University of Minnesota researchers clear major hurdle in road to high-efficiency solar cells
Contacts: Preston Smith, University News Service, smith@umn.edu, 612-625-0552
MINNEAPOLIS / ST. PAUL (06/17/2010) —A team of University of Minnesota-led researchers has cleared a major hurdle in the drive to build solar cells with potential efficiencies up to twice as high as current levels, which rarely exceed 30 percent.
By showing how energy that is now being lost from semiconductors in solar cells can be captured and transferred to electric circuits, the team has opened a new avenue for solar cell researchers seeking to build cheaper, more efficient solar energy devices. The work is published in this week's Science.
A system built on the research could also slash the cost of manufacturing solar cells by removing the need to process them at very high temperatures.
The achievement crowns six years of work begun at the university Institute of Technology (College of Science and Engineering) chemical engineering and materials science professors Eray Aydil and David Norris and chemistry professor Xiaoyang Zhu (now at the university of Texas-Austin) and spearheaded by U of M graduate student William Tisdale.
In most solar cells now in use, rays from the sun strike the uppermost layer of the cells, which is made of a crystalline semiconductor substance—usually silicon. The problem is that many electrons in the silicon absorb excess amounts of solar energy and radiate that energy away as heat before it can be harnessed.
An early step in harnessing that energy is to transfer these "hot" electrons out of the semiconductor and into a wire, or electric circuit, before they can cool off. But efforts to extract hot electrons from traditional silicon semiconductors have not succeeded.
However, when semiconductors are constructed in small pieces only a few nanometers wide -- "quantum dots" -- their properties change.
"Theory says that quantum dots should slow the loss of energy as heat," said Tisdale. "And a 2008 paper from the University of Chicago showed this to be true. The big question for us was whether we could also speed up the extraction and transfer of hot electrons enough to grab them before they cooled. "
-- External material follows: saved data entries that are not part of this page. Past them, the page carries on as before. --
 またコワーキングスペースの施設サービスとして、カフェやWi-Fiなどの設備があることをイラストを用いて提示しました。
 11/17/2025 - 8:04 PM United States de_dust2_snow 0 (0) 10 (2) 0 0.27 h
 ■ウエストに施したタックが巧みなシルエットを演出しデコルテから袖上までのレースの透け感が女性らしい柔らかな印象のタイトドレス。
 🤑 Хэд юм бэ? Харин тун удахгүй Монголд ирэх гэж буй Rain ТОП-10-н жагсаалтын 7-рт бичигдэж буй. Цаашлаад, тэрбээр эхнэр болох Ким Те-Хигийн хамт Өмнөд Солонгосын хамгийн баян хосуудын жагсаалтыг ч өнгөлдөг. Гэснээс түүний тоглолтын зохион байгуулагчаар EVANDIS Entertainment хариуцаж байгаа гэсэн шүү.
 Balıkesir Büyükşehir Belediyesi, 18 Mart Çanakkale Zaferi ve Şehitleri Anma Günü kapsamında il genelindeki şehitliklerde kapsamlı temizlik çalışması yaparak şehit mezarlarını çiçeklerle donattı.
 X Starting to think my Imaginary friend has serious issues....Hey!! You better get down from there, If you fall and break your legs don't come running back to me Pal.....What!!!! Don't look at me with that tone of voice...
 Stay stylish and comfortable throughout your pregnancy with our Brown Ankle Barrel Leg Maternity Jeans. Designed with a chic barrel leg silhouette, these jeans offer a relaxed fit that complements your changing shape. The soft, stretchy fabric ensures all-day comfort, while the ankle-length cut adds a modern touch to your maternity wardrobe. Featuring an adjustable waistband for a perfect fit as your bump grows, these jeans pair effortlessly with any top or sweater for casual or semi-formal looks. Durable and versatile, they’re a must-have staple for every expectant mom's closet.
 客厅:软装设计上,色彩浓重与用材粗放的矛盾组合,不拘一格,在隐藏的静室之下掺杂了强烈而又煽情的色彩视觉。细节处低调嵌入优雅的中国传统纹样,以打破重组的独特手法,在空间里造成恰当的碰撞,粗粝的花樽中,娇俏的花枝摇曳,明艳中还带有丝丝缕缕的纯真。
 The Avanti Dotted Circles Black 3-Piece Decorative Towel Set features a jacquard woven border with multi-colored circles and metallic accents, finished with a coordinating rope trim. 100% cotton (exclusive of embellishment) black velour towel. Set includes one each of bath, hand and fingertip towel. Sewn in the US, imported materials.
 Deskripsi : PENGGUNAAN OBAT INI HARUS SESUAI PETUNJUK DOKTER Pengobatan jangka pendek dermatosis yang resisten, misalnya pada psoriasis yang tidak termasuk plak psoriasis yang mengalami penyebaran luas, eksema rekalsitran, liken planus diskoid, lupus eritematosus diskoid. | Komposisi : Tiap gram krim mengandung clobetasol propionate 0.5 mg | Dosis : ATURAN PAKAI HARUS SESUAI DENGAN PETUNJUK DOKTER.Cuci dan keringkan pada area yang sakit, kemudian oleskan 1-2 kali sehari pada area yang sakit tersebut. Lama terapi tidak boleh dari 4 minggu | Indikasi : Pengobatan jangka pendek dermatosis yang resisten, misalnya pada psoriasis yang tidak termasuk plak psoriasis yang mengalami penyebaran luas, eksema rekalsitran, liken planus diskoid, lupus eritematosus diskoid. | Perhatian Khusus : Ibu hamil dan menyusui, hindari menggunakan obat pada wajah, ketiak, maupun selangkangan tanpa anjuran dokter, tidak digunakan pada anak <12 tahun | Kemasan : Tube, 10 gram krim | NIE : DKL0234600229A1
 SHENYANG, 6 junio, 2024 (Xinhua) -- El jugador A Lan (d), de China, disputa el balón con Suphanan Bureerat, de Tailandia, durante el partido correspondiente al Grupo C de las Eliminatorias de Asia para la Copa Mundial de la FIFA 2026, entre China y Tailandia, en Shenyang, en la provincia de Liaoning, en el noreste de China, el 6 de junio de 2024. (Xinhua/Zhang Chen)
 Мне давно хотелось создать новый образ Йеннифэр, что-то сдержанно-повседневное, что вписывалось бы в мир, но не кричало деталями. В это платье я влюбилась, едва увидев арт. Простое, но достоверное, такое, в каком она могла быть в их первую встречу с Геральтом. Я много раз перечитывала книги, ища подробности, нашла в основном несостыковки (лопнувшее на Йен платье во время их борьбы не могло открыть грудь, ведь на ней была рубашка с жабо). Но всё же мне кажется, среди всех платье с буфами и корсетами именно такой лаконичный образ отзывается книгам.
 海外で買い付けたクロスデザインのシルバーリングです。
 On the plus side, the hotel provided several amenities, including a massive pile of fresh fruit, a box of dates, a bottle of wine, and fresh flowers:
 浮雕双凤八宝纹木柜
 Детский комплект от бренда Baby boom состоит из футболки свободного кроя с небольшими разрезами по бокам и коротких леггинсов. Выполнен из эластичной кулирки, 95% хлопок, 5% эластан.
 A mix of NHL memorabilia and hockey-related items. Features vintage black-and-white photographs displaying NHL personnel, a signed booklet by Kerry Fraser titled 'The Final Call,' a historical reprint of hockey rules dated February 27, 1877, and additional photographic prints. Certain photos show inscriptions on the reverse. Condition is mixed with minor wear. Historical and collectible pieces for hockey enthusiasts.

In the current work, Tisdale and his colleagues demonstrated that quantum dots—made not of silicon but of another semiconductor called lead selenide -- could indeed be made to surrender their "hot" electrons before they cooled. The electrons were pulled away by titanium dioxide, another common inexpensive and abundant semiconductor material that behaves like a wire.
Tags: Institute of Technology
"This is a very promising result," said Tisdale. "We've shown that you can pull hot electrons out very quickly – before they lose their energy. This is exciting fundamental science."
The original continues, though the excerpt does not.